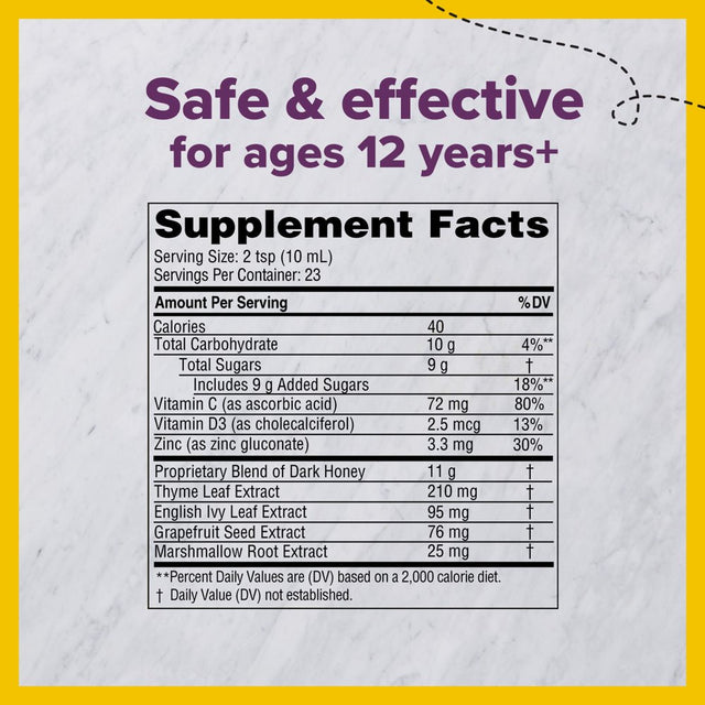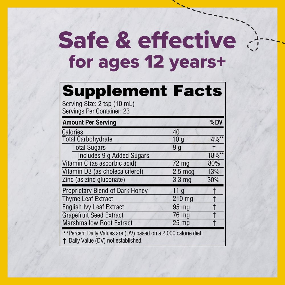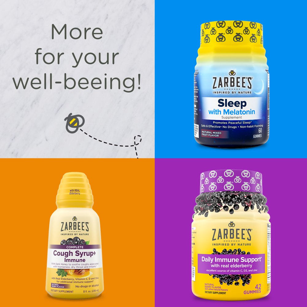 Zarbees Adult Daytime Complete Cough Syrup + Immune is a simple, safe, and effective cough syrup that is made from a proprietary blend of dark honey to help soothe coughs associated with hoarseness, dry throat and irritants.* This syrup contains zinc, vitamins C & D, minerals & elderberry for immune support to help you feel your best.* Our Cough Syrup + Immune is made from carefully selected ingredients inspired by nature - free of drugs, alcohol, artificial sweeteners, artificial flavors, and gluten. Our great-tasting, natural berry flavor syrup is safe & effective for adults and kids 12 years+. Check out our complete range of products that are made from carefully selected ingredients inspired by nature and backed by science. *These statements have not been evaluated by the Food and Drug Administration. This product is not intended to diagnose, treat, cure, or prevent any disease.
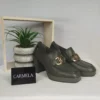 Un autre élément clé du design des mocassins Carmela est leur ornement métallique discret, placé avec finesse pour attirer délicatement le regard sans jamais devenir ostentatoire. Ce détail en métal ajoute une touche contemporaine à l’ensemble, créant un équilibre parfait entre classicisme et modernité.
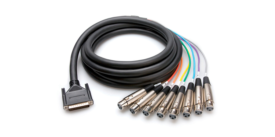 Symetrický multipárový kabel Hosa s konektory XLR3F / DB25. Určen pro připojení zařízení s XLR výstupy k zařízením se vstupy DB25. Délka 5m.
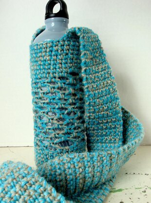 A crochet holder for your water bottle with a cross-body strap. >>If you like fun knitting content, be sure to sign up for my emails. I’m always creating new patterns and knitting-themed art to entertain you! Click on my name (found above and below this description) and then click the link in my profile.
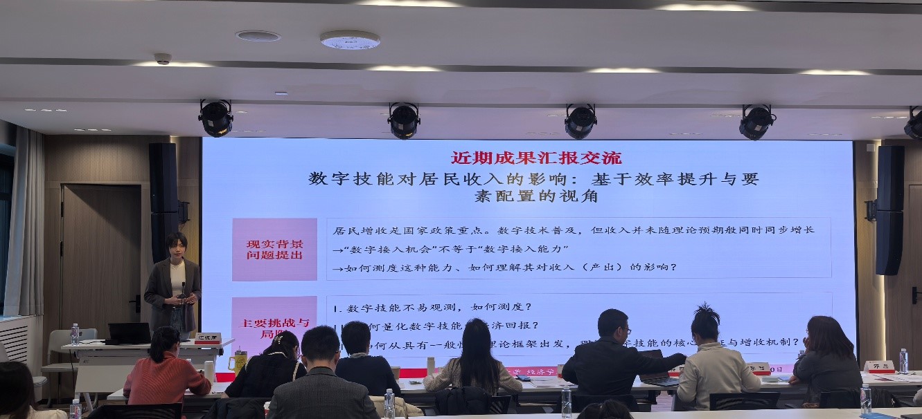 中国人民大学应用经济学院博士、北京大学经济学院博士后蔡宇涵报告了论文“数字技能对居民收入的影响——基于效率提升与要素配置的视角”。文章利用中国家庭数字经济数据库,测度了我国居民数字技能水平,并构建数字经济中个体效用最大化理论模型,讨论了数字技能对收入的影响及机制。研究证实,数字技能提高显著促进了个人收入增长,机制包括引致时间投入增加及促进信息等新生产要素获得。相关发现为制定有效率的居民增收政策提供重要启示。
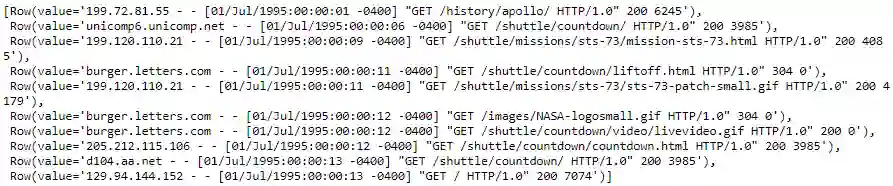 ['01/Jul/1995:00:00:01 -0400','01/Jul/1995:00:00:06 -0400','01/Jul/1995:00:00:09 -0400',...,...,' 01/Jul/1995:00:00:14 -0400','01/Jul/1995:00:00:15 -0400','01/Jul/1995:00:00:15 -0400']
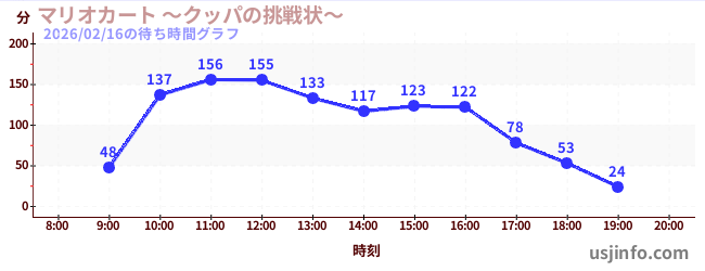 • マリオカート ~クッパの挑戦状~$B$N(B2026年02月16日の待ち時間
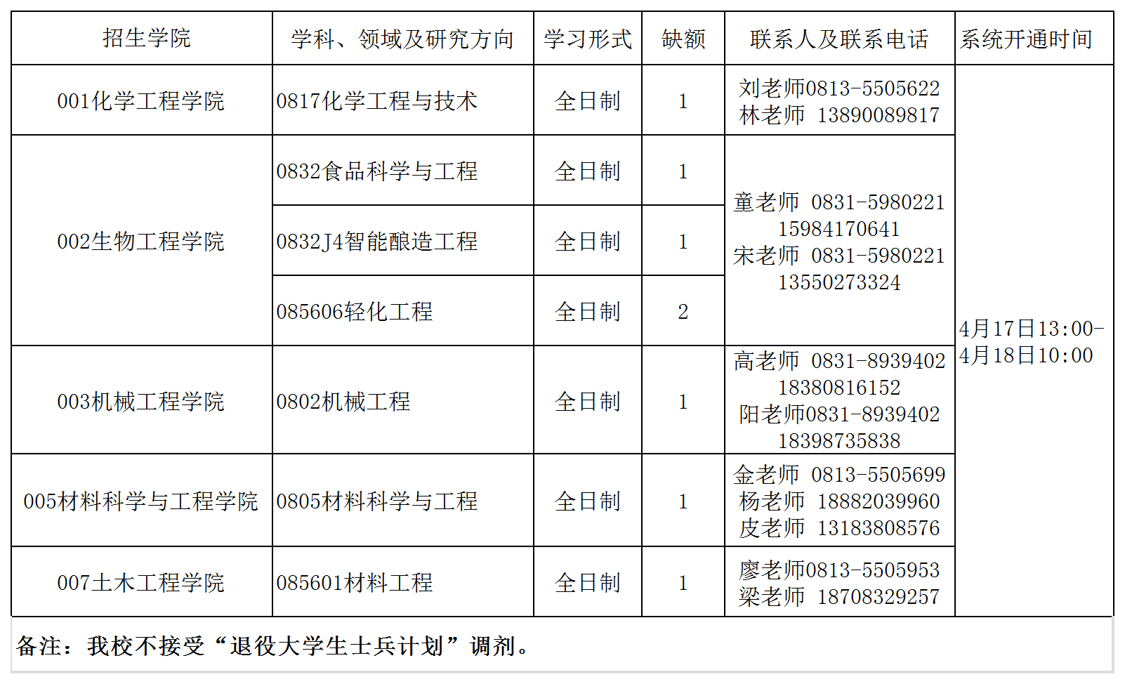 1.我校本批次计划余额信息自4月17日13:00起在研招网“复试调剂服务系统”发布,根据各学科专业生源情况及时更新或关闭计划余额信息,开放调剂系统持续时间不少于12个小时。

**TRY IT**
Leaving out every picture, extract verbatim the lines from the one containing "A crochet holder" through the last line of the listing, inclusive.

**ANSWER BOX**
 A crochet holder for your water bottle with a cross-body strap. >>If you like fun knitting content, be sure to sign up for my emails. I’m always creating new patterns and knitting-themed art to entertain you! Click on my name (found above and below this description) and then click the link in my profile.
 中国人民大学应用经济学院博士、北京大学经济学院博士后蔡宇涵报告了论文“数字技能对居民收入的影响——基于效率提升与要素配置的视角”。文章利用中国家庭数字经济数据库,测度了我国居民数字技能水平,并构建数字经济中个体效用最大化理论模型,讨论了数字技能对收入的影响及机制。研究证实,数字技能提高显著促进了个人收入增长,机制包括引致时间投入增加及促进信息等新生产要素获得。相关发现为制定有效率的居民增收政策提供重要启示。
 ['01/Jul/1995:00:00:01 -0400','01/Jul/1995:00:00:06 -0400','01/Jul/1995:00:00:09 -0400',...,...,' 01/Jul/1995:00:00:14 -0400','01/Jul/1995:00:00:15 -0400','01/Jul/1995:00:00:15 -0400']
 • マリオカート ~クッパの挑戦状~$B$N(B2026年02月16日の待ち時間
 1.我校本批次计划余额信息自4月17日13:00起在研招网“复试调剂服务系统”发布,根据各学科专业生源情况及时更新或关闭计划余额信息,开放调剂系统持续时间不少于12个小时。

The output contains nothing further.